The efficient coding of visual textures in rats, chicks and human infants
Judit Gervain1, Eugenio Piasini2; 1University of Padua, Italy, 2SISSA
Neural encoding should be adapted to the statistics of natural stimuli to efficiently process sensory inputs. This principle, known as efficient coding, successfully explains many aspects of the early stages of sensory processing. Recently, human adults’ sensitivity to visual textures defined by multipoint correlations has been found to match the variability of these correlations in natural images, suggesting that visual perception obeys efficient coding principles at the cortical level, too. How does efficient coding of visual textures arise ontogenetically? Do young infants already show sensitivities similar to adults early in development or is experience needed for these to emerge? We measured human infants’ sensitivity to multipoint correlations (one-, two-, three- or four-point correlations) tested in adults. In one study, we measured 6-12-month-old infants’ spontaneous looking-time preference for images with different multipoint correlations, and found that infants preferred, i.e. showed the longest looking times, to images with 1-point correlations (i.e., light intensity statistics) over all other patterns, while they showed the shortest looking times to 2-point correlations, i.e., lines. Preliminary observations in a second study testing whether infants can discriminate these correlation patterns from one another and from white noise suggest that all statistical patterns are discriminated. These results suggest that early sensitivity (discrimination ability) to image statistics is already present from the onset of relatively mature visual acuity (4-6 months) in human development. Preference patterns may reflect additional developmental specificities, different from those of adults, the functional relevance of which needs to be better understood.

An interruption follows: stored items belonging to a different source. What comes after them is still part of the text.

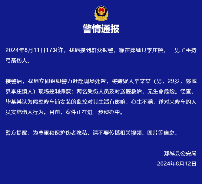 8月12日,山东郯城县公安局发布警情通报,内容如下:
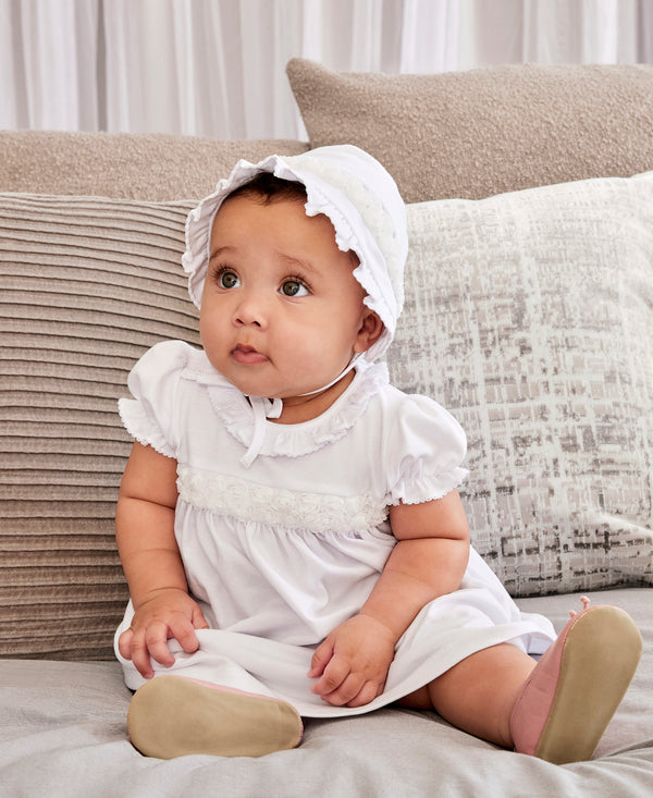 Adorable miniature roses add a beautiful touch to this baby girls' dress set, complete with a diaper cover. Made from 100% Pima cotton for a soft and comfortable fit.
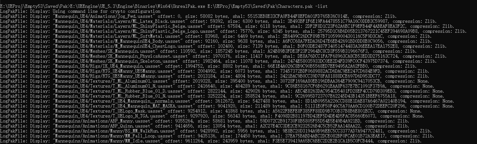 使用 E:\UEEngine\UE_5.3\Engine\Binaries\Win64\UnrealPak.exe E:\UEProj\Empty53\Saved\Pak\Characters.pak -list 可以解析出 Pak 中文件列表
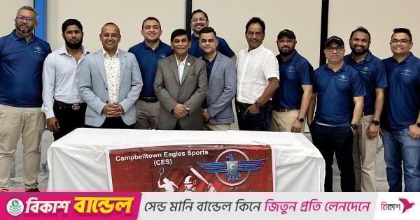 প্রবাসী খেলাধুলাপ্রেমীদের অংশগ্রহণে সিডনিতে ক্যাম্পবেলটাউন ঈগলস স্পোর্টস (সিইএস) আয়োজিত গালা নাইট ও পুরস্কার প্রদান অনুষ্ঠান অনুষ্ঠিত হয়েছে। বৃহস্পতিবার সন্ধ্যা ৬টা ৩০ মিনিটে মিন্টোর ‘জমিদার বাড়ি রেস্টুরেন্টে’ আয়োজিত অনুষ্ঠানে ছিল খেলাধুলার সাফল্য উদযাপন, পুরস্কার বিতরণ, ডিনার ও কমিউনিটি নেটওয়ার্কিং। অনুষ্ঠানের উদ্বোধন করেন ক্লাবের সহ-সভাপতি মো. শফিকুল ইসলাম। ক্লাবের সভাপতি মোহাম্মদ রেজাউল ইসলাম মজুমদার (পুলক) ও সহ-সভাপতি শফিক বিজয়ীদের পুরস্কার প্রদান করেন। সহযোগিতা করেন পরিচালক ফাহিম হাসেম ও কোষাধ্যক্ষ মঈন আহমেদ। পরে অনুষ্ঠানে যোগ দেন ক্যাম্পবেলটাউন সিটি কাউন্সিলর মাসুদ চৌধুরী, কাউন্সিলর আশিকুর রহমান এশ, সাবেক জাতীয় ক্রিকেটার ও ক্লাব অ্যাম্বাসেডর ইমরুল কায়েস, অভিনেতা মাজনুন মিজান, সাংবাদিক নাইম আবদুল্লাহ প্রমুখ। ক্লাবের সাধারণ সম্পাদক মেহেদী খান ক্লাবের লক্ষ্য, অর্জন ও ভবিষ্যৎ পরিকল্পনা তুলে ধরেন এবং স্পন্সর সাদিক করিম (রেইন অ্যান্ড হর্ন বর্ডিয়া)-এর প্রতি কৃতজ্ঞতা জানান। পুরস্কারপ্রাপ্তরা হলেন— Badminton Cup Champion: Bade Miya Chote Miya (হামজা ও শাদিক), Runner-Up: Goosebumps (শফিউল ও তানভীর) Badminton Plate Champion: TNT (তাহমিদ ও তাওহিদ), Runner-Up: Shuttle Stallions (কবীর ও কনক), Cricket Champion: Eagles Red Runner-Up: Eagles Blue। ট্রফি প্রদান করেন কমিউনিটি নেতৃবৃন্দ ও ইমরুল কায়েস। বক্তারা ক্যাম্পবেলটাউন ঈগলস স্পোর্টসের সামাজিক ভূমিকা ও খেলাধুলার প্রসারে অবদানের প্রশংসা করেন।
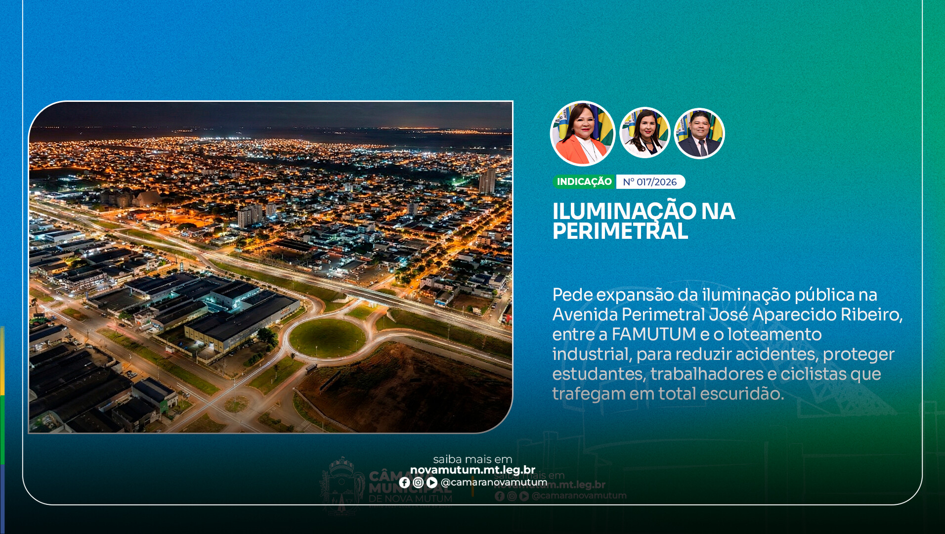 A Câmara Municipal de Nova Mutum aprovou, durante sessão ordinária, a Indicação nº 017/2026, de autoria da vereadora Lurdes Costa Marques (REPUBLICANOS), com coautoria da vereadora Beatriz Correa (UNIÃO BRASIL) e do vereador Altair Albuquerque (PP), solicitando ao Poder Executivo que intervenha junto à concessionária Energisa para viabilizar a expansão da rede de iluminação pública na Avenida Perimetral José Aparecido Ribeiro.
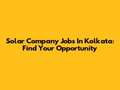 Solar Company Jobs In Kolkata: Find Your Opportunity

Mechanisms of unsupervised learning exposed via controlled rearing experiments
Davide Zoccolan1; 1SISSA
Unsupervised learning of mid-level visual representations is becoming a central topic in cognitive, computational and neurodevelopmental studies. In this talk, I will illustrate convergent evidence in the study of animal models via controlled-rearing , showing how visual cortex harnesses the statistical structure of the environment without the need of explicit training targets or rewards to learn shape representations. Such statistical regularities occur both in the spatial and time domains. Degrading the temporal continuity of visual experience during passive exposure in early postnatal life impairs the development of complex cells in the rat primary visual cortex while leaving simple cells unaffected. This observation emphasizes the significance of unsupervised learning of structured dynamic stimuli in the development of transformation tolerance. As further evidence of the relevance of temporal dynamics in shaping visual cortical representations, I will discuss how deeper brain regions encode slower features of dynamic sensory input, as both stimulus-driven responses and intrinsic neuronal activity extend over longer time scales across visual cortical areas in rats and mice. Overall, these findings indicate that unsupervised temporal learning is crucial for shaping mid-level visual representations by fostering neuronal plasticity, driven by the natural spatiotemporal patterns of visual inputs.